Investors are betting the fallout from the failure of the Silicon Valley Bank will force the Federal Reserve to back away from further aggressive interest rate rises, with markets now pricing in an outside chance that the US central bank will pause its monetary tightening altogether later this month.
Futures markets now suggest odds of roughly 85 per cent that the Fed will opt to raise interest rates by a quarter percentage point to a target range between 4.75 and 5 per cent later this month, according to Refinitiv data, with a 15 per cent probability that the US central bank leaves rates unchanged.
Goldman Sachs said on Monday that it no longer expected an increase at the Fed’s meeting ending on March 22 “in light of recent stress in the banking system”.
The shift in markets is a stark turnround from last week, when investors thought a 0.5 percentage point rate increase was the most likely outcome after Jay Powell responded to recent signs that US inflation remains stubbornly high by saying that the Fed was prepared to return to bigger rises.
Investors piled into US government debt in response, with the two-year Treasury yield, which is especially sensitive to interest rate expectations, falling 0.25 percentage points to 4.33 per cent. The debt instrument was yielding just over 5 per cent last Wednesday.

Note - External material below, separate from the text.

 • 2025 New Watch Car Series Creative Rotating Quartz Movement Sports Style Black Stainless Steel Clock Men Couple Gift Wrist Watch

The moves come after SVB’s collapse spurred the Fed to announce a new $25bn lending facility on Sunday, which it said was designed “to help assure banks have the ability to meet the needs of all their depositors”.

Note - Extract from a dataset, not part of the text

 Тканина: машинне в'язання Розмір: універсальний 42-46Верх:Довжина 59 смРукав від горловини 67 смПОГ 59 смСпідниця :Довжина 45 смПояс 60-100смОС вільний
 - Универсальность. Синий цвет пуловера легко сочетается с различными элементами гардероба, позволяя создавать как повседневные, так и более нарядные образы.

Analysts said the measures to contain the fallout amounted to a de facto pause in the Fed’s efforts to tighten monetary policy by shrinking its balance sheet to reverse quantitative easing.
George Saravelos, Deutsche Bank’s head of FX research, said the new funding facility “can be interpreted as re-establishing a temporary QE programme”.
“This tightening cycle will now be amplified due to stress in the US banking system,” Saravelos said. “The immediate conclusion is that the bar for the Fed to reaccelerate tightening is significantly higher and the likely end point of that tightening lower.”
The rapid collapse of SVB had made market participants “more aware again that the Fed will eventually break something if it keeps raising rates”, said Lee Hardman, currency analyst at MUFG.
The bank’s collapse had also “taken the wind out the US dollar’s sails” by highlighting risks associated with rising rates, Hardman added. A measure of the dollar’s strength against a basket of six international peers fell 0.6 per cent on Monday.